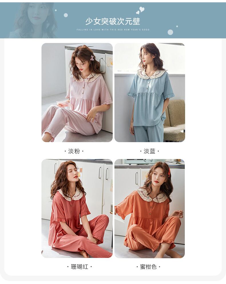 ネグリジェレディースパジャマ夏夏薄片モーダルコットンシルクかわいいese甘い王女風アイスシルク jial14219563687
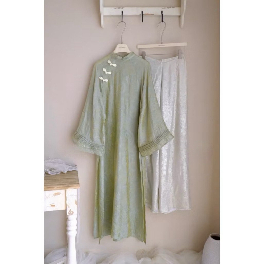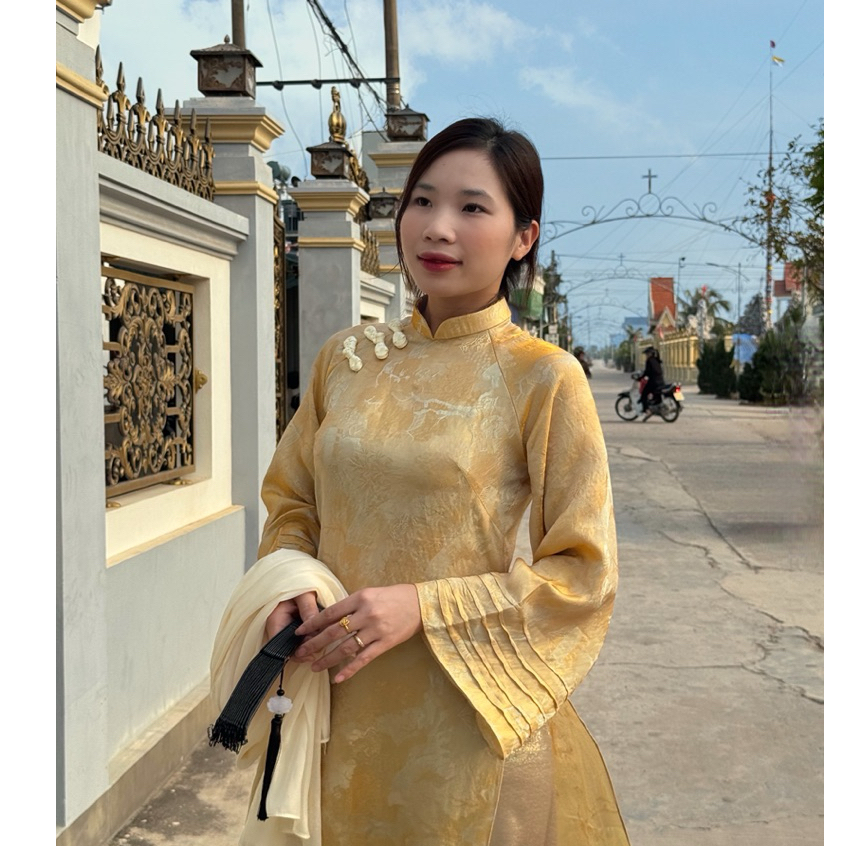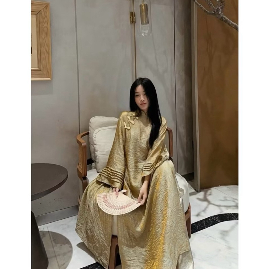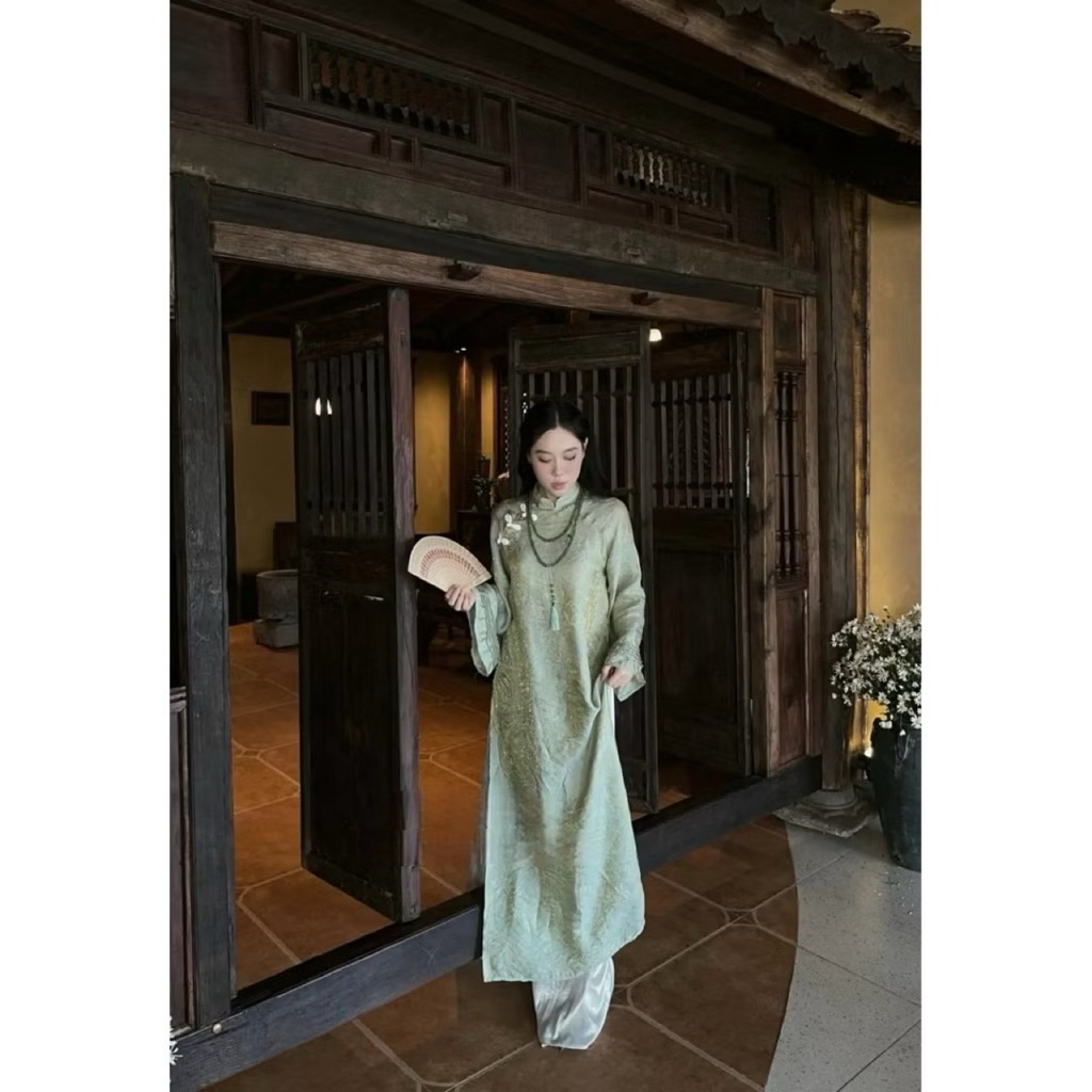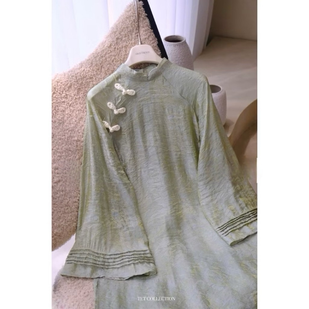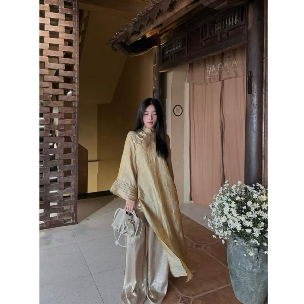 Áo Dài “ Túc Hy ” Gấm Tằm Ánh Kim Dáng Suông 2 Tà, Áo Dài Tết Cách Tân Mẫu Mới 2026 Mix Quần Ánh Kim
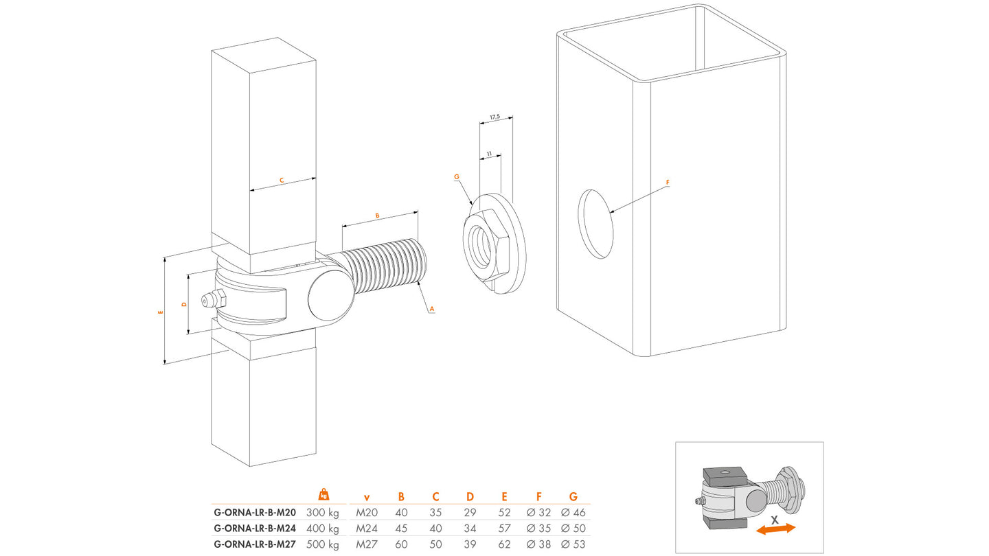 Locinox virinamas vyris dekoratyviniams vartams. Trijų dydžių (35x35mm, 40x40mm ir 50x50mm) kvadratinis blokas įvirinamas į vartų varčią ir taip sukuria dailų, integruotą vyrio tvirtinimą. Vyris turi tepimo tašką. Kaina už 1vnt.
○ ○ ○ ○ ○
**EXERCISE AIM:** Restate, exactly as they appear, the line with "Quần Ánh Kim" and all the lines after it up to the end of the data above; images do not belong in the copy.

**ANSWER FOR THE TASK:**
 Áo Dài “ Túc Hy ” Gấm Tằm Ánh Kim Dáng Suông 2 Tà, Áo Dài Tết Cách Tân Mẫu Mới 2026 Mix Quần Ánh Kim
 Locinox virinamas vyris dekoratyviniams vartams. Trijų dydžių (35x35mm, 40x40mm ir 50x50mm) kvadratinis blokas įvirinamas į vartų varčią ir taip sukuria dailų, integruotą vyrio tvirtinimą. Vyris turi tepimo tašką. Kaina už 1vnt.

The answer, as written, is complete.